Oil Investing: Sweet And Sour

Published in Investing Strategy on 8 December 2009

Why is sulphur a problem, and what is natural gas made of?

In my previous article I discussed some of the differences between different crude oils. But I didn't mention the bit of oil chemistry that is perhaps most important to investors, the sulphur content. 

Sulphur is present in all organic matter, among other things sulphur compounds give rotten eggs and cabbage soup their distinctive smells.
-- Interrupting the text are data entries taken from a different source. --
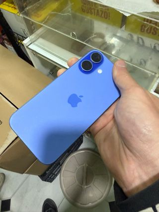Teléfono móvil iPhone 16 en color azul. - Capacidad de 128 GB. - Con pantalla templada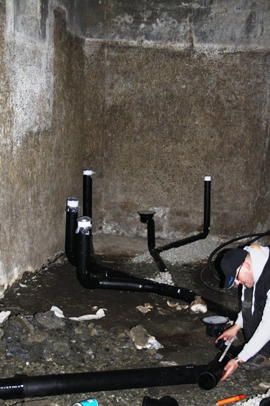Etter at me var ferdige med røyrene var det Skutle sin tur att med å leggja armering og ta den siste finpussen før betongbilen dukka opp med pumpe og laaang slange, tida med trillebårer er forbi. Skutlekarane spratt rundt og la ut betong, målte og nivellerte og på eit par timar var det støypt.Litt spesielt var det at det var den kaldaste vinteren på lenge, støypinga måtte gjerast på dagar med temperaturar mildare enn 10 minus og alt arbeidet gjekk føre seg med tjukke varmedressar, lange ull under og diverse anna varmt – fytterakkaren!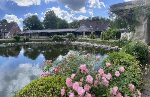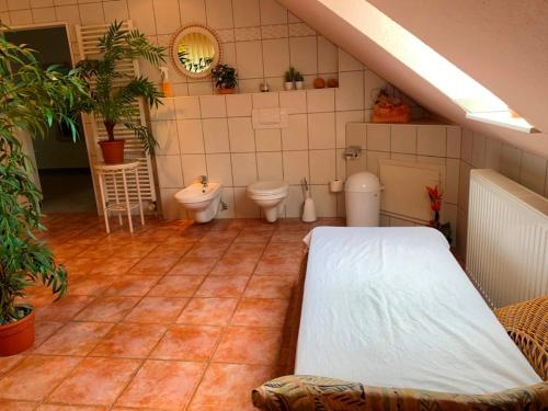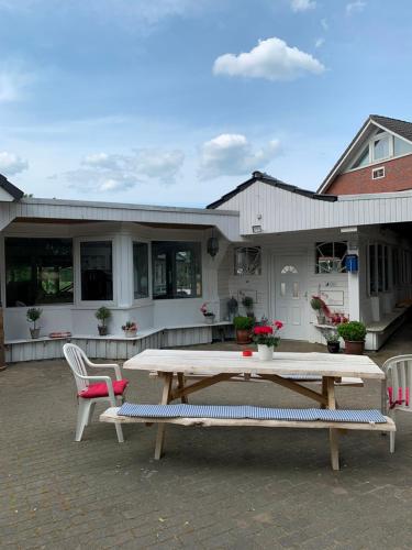 IQBAL-Hütte (die Moorperle) ligger i Beverstedt, 23 km fra Bremerhaven Hauptbahnhof, og har et fitnesscenter, en have og et fælles opholdsområde samt gratis privat parkering. Her er et fælles køkken og roomservice samt gratis wi-fi overalt. Pensionatet har udsigt til en have og terrasse.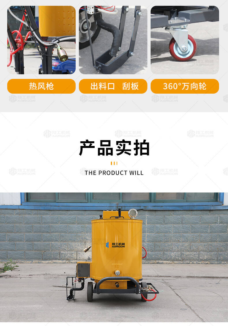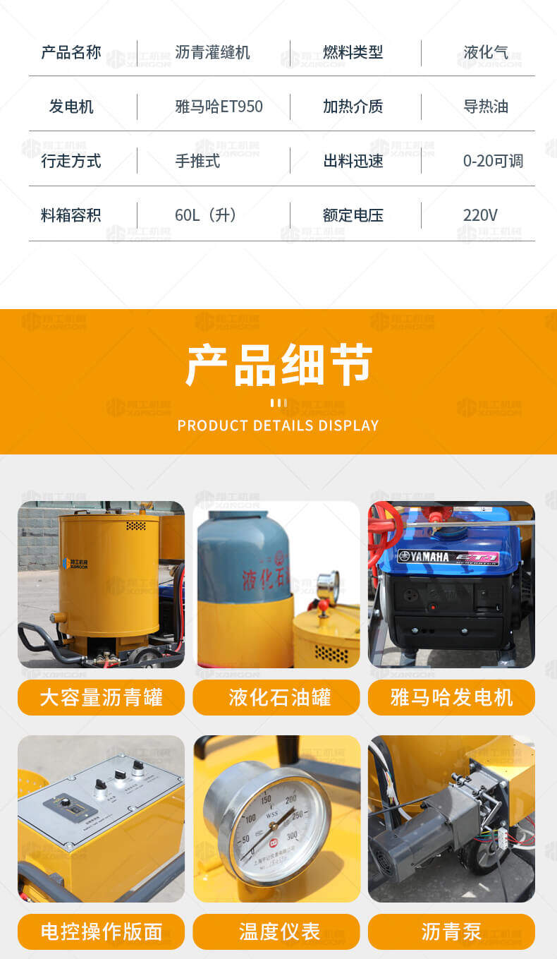 60升瀝青灌縫機用于瀝青或水泥路面裂縫瀝青灌縫。 60升瀝青灌縫機采用名優(yōu)發(fā)電機,性能穩(wěn)定;液化氣加熱,方便靈活;超大瀝青罐;出料管路全程加熱,避免堵塞。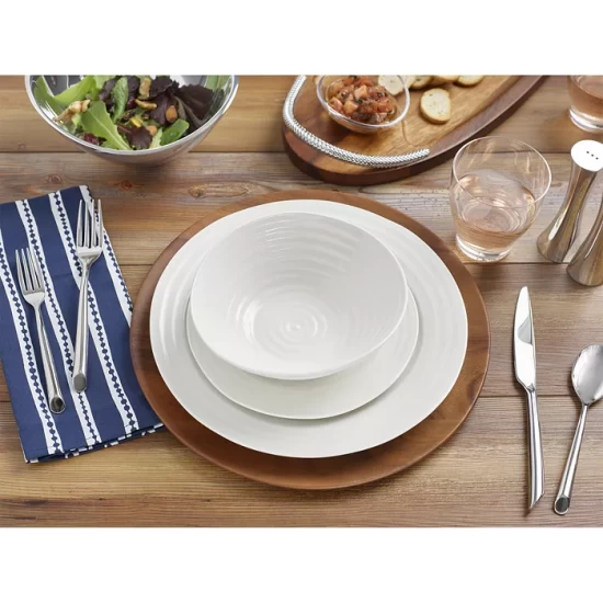 - Incorporate a wooden accent in your place settings with the Skye Wood Charger for a harmonious blend of materials.

For this reason oil and gas with more than 1% or 1.5% sulphur are described as "sour", and below 0.5% sulphur they are called "sweet". 

Thus Tapis at 46° API and 0.03% sulphur is described as a light, sweet crude.

Sulphur in oil

The sulphur content of oil depends entirely on the chemistry of the original goo and how it has been cooked, but as a rule heavier crudes tend to have more sulphur. In general Asian, North Sea and West African crudes tend to be sweet whereas Russian crude is about 1.3% sulphur, a lot of Middle East oil has more than that, and many new Gulf of Mexico fields are over 2% sulphur.

If sulphur is not removed from oil then it carries through into the refinery products, and burning it in car engines produces sulphur dioxide, a local pollutant and the main source of acid rain. 

From an engineering perspective sour oil isn't a particular problem, it can be transported and stored separately from sweet oil, and treated in a hydrodesulphurisation (HDS) plant at the refinery.

Removing sulphur costs money, so refiners will demand a discount of $2/barrel or so for sour crude. Refiners have always tried to use low-sulphur oil for petrol as the catalysts used in refining petrol are particularly susceptible to being "poisoned" by sulphur; recent legislation has forced refiners to produce low-sulphur diesel and similar regulations are increasingly applied to other fuels.

Sulphur in natural gas

Sour gas is less common, but is more of a problem when you have it. Sulphur in gas is mostly in the form of hydrogen sulphide which is bad for two reasons, it's poisonous and it readily forms sulphuric acid which dissolves equipment and pipelines. 

This means that major gas pipelines set strict specifications for sulphur content in any gas entering their systems. So whereas sour oil is a problem for the refiner, sour gas is the problem of the producer.

Usually the sulphur in natural gas is removed close to the wellhead using amine units similar to those in the second stage of HDS. It's a well-established technology which also removes carbon dioxide from the gas, but you still need extra safety precautions at the wellhead, and anything in contact with sour gas must be made from special acid-resistant steel. This is more expensive, and can have very long lead times.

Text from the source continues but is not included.